→ **Prompt**: Give the records again exactly. Pictures do not belong in the copy.

(Collected data)
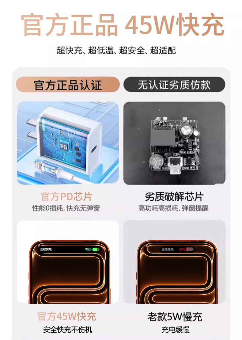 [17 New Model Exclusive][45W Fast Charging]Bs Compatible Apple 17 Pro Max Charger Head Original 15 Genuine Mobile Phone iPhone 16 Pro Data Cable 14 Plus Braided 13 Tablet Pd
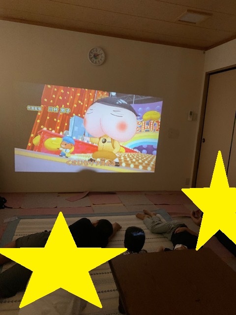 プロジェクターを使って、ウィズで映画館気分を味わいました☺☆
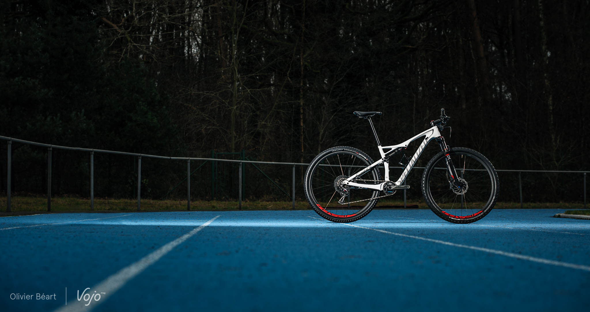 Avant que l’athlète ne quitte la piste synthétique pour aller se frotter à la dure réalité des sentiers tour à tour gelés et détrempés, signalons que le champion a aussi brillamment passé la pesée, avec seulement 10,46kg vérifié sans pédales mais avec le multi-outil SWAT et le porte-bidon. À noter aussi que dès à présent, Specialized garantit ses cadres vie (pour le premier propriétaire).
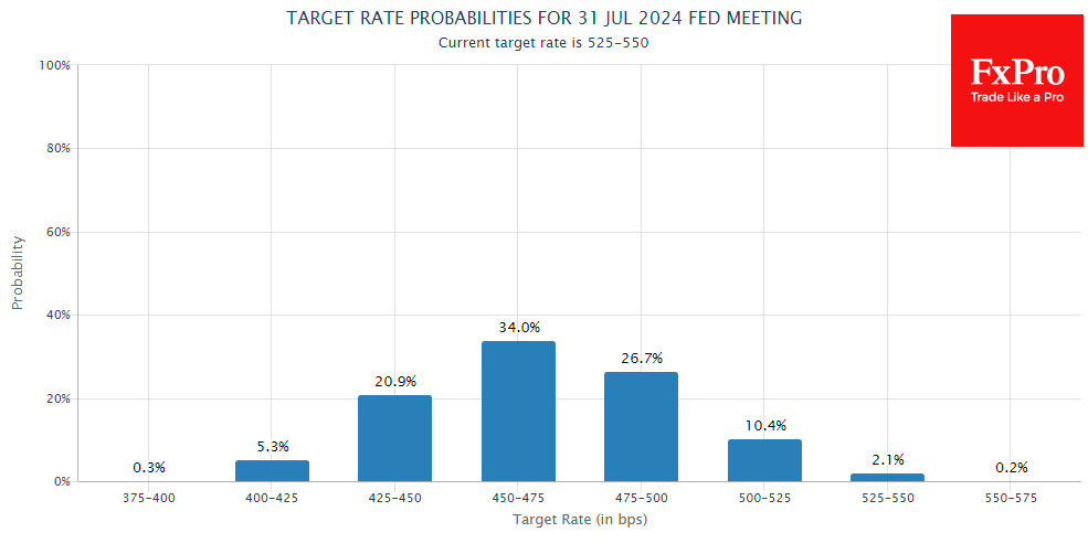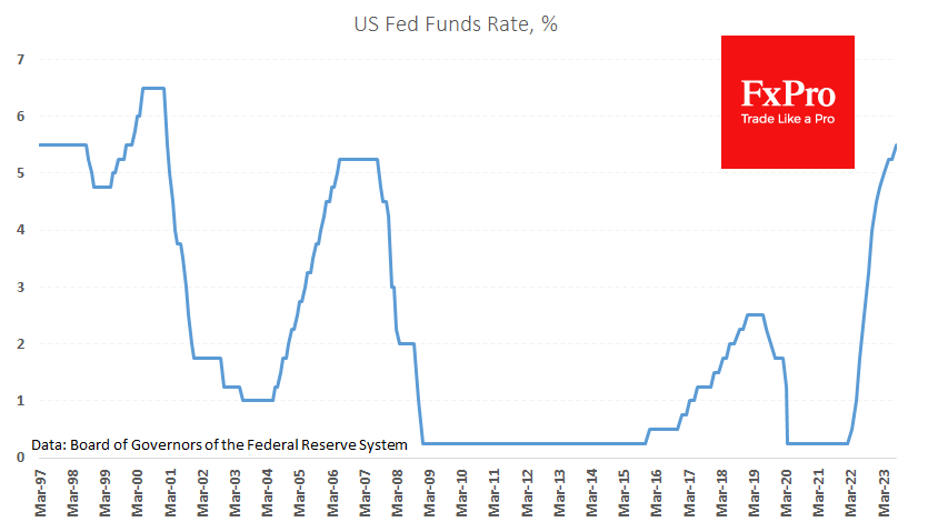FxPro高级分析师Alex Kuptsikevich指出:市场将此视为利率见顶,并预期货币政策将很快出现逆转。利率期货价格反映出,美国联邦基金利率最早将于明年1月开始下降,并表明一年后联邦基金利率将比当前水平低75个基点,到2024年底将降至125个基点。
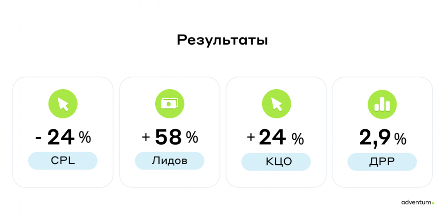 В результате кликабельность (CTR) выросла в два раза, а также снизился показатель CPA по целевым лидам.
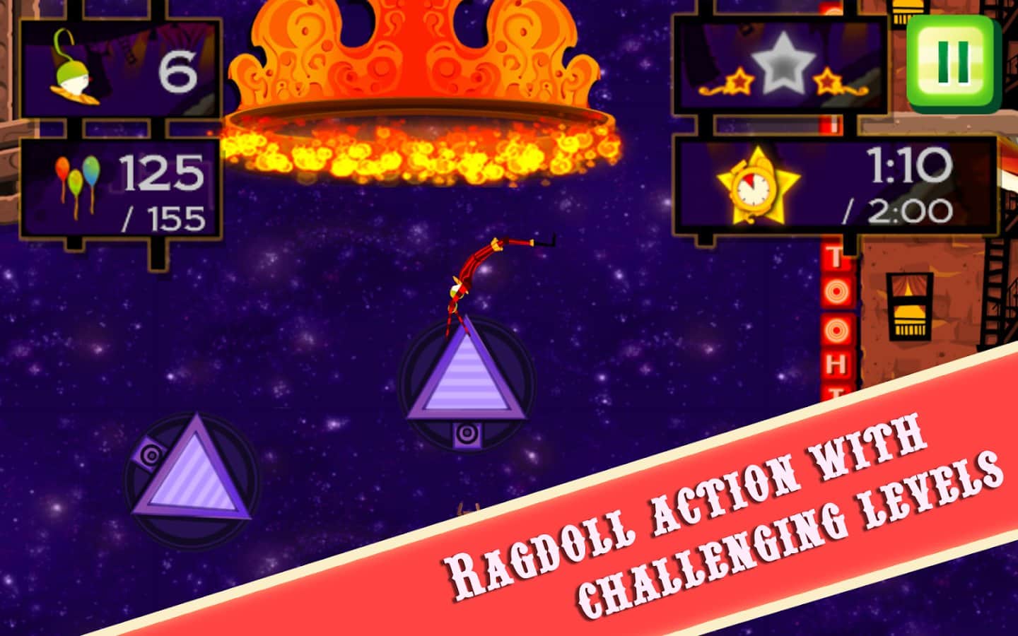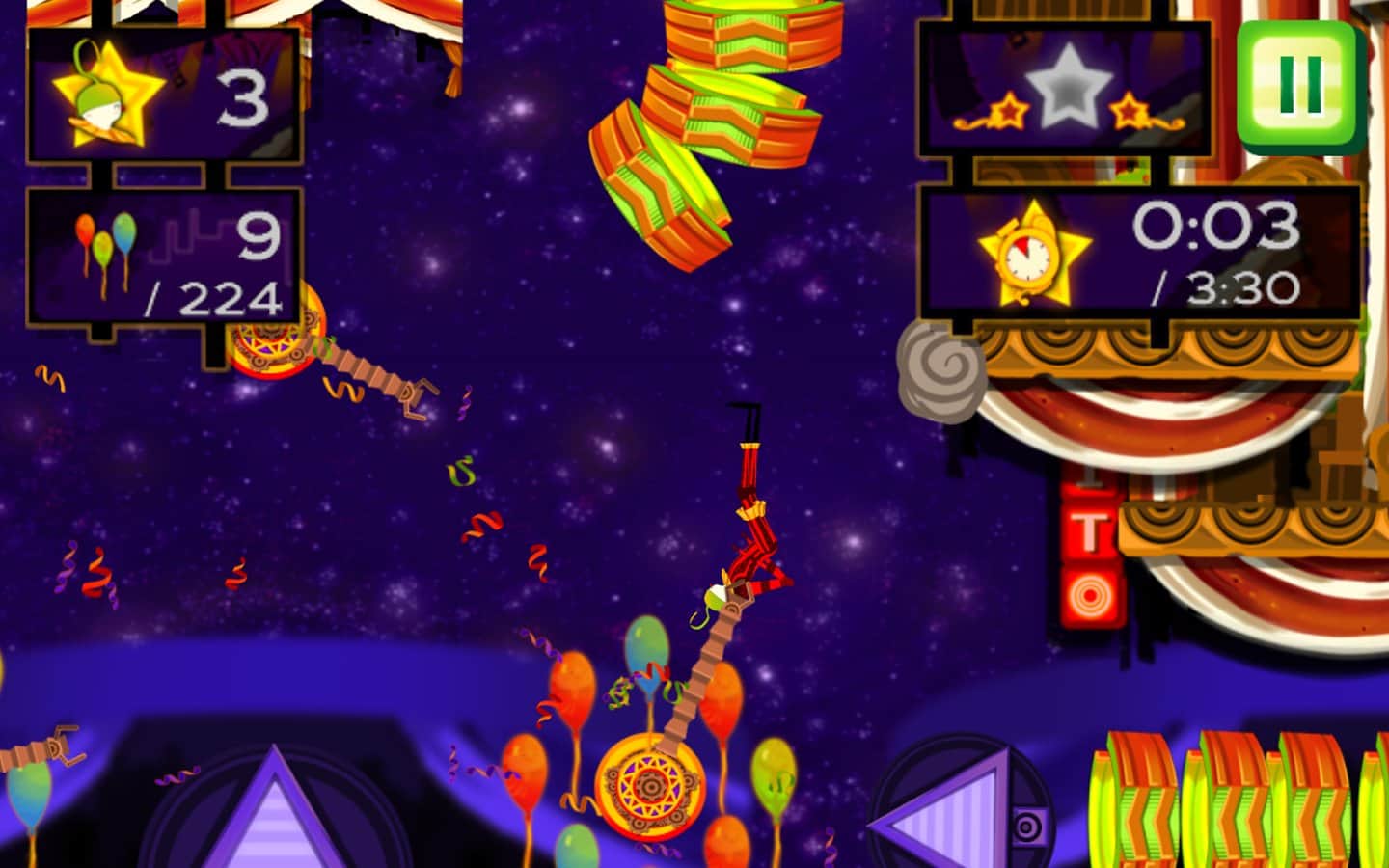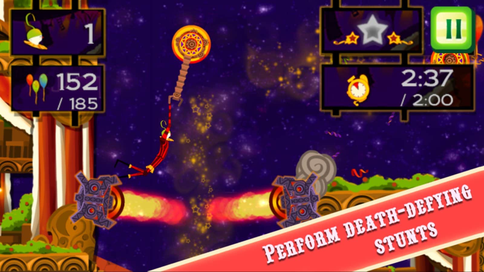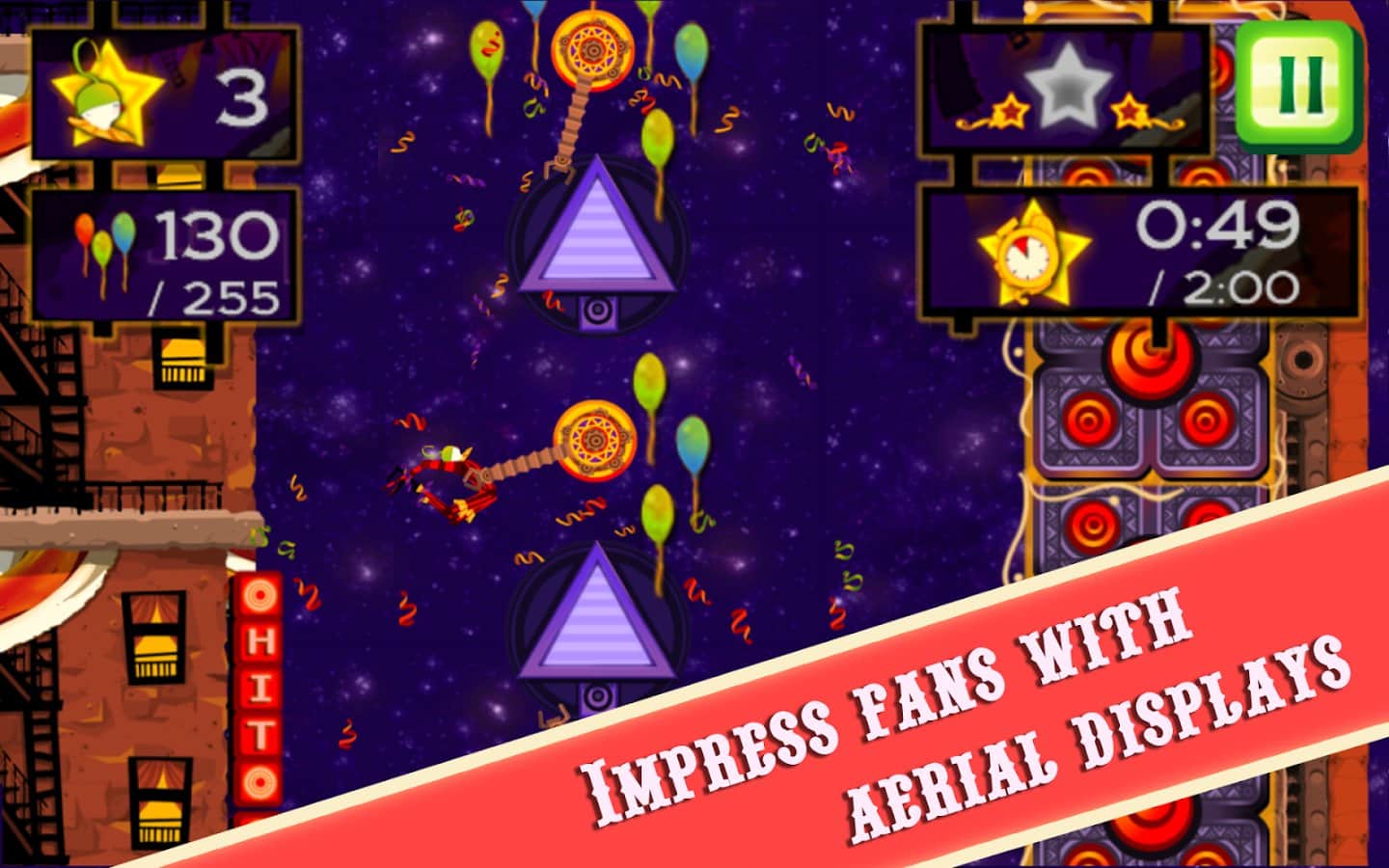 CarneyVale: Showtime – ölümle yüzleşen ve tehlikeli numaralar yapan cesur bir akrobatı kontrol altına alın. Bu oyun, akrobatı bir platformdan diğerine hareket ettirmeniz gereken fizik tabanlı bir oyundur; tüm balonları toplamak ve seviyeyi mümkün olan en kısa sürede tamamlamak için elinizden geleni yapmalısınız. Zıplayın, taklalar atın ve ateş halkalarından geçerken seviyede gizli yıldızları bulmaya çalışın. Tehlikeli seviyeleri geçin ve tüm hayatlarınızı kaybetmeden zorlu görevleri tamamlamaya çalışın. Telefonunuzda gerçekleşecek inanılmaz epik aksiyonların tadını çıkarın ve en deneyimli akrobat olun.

→ **Answer**:
 [17 New Model Exclusive][45W Fast Charging]Bs Compatible Apple 17 Pro Max Charger Head Original 15 Genuine Mobile Phone iPhone 16 Pro Data Cable 14 Plus Braided 13 Tablet Pd
 プロジェクターを使って、ウィズで映画館気分を味わいました☺☆
 Avant que l’athlète ne quitte la piste synthétique pour aller se frotter à la dure réalité des sentiers tour à tour gelés et détrempés, signalons que le champion a aussi brillamment passé la pesée, avec seulement 10,46kg vérifié sans pédales mais avec le multi-outil SWAT et le porte-bidon. À noter aussi que dès à présent, Specialized garantit ses cadres vie (pour le premier propriétaire).
FxPro高级分析师Alex Kuptsikevich指出:市场将此视为利率见顶,并预期货币政策将很快出现逆转。利率期货价格反映出,美国联邦基金利率最早将于明年1月开始下降,并表明一年后联邦基金利率将比当前水平低75个基点,到2024年底将降至125个基点。
 В результате кликабельность (CTR) выросла в два раза, а также снизился показатель CPA по целевым лидам.
 CarneyVale: Showtime – ölümle yüzleşen ve tehlikeli numaralar yapan cesur bir akrobatı kontrol altına alın. Bu oyun, akrobatı bir platformdan diğerine hareket ettirmeniz gereken fizik tabanlı bir oyundur; tüm balonları toplamak ve seviyeyi mümkün olan en kısa sürede tamamlamak için elinizden geleni yapmalısınız. Zıplayın, taklalar atın ve ateş halkalarından geçerken seviyede gizli yıldızları bulmaya çalışın. Tehlikeli seviyeleri geçin ve tüm hayatlarınızı kaybetmeden zorlu görevleri tamamlamaya çalışın. Telefonunuzda gerçekleşecek inanılmaz epik aksiyonların tadını çıkarın ve en deneyimli akrobat olun.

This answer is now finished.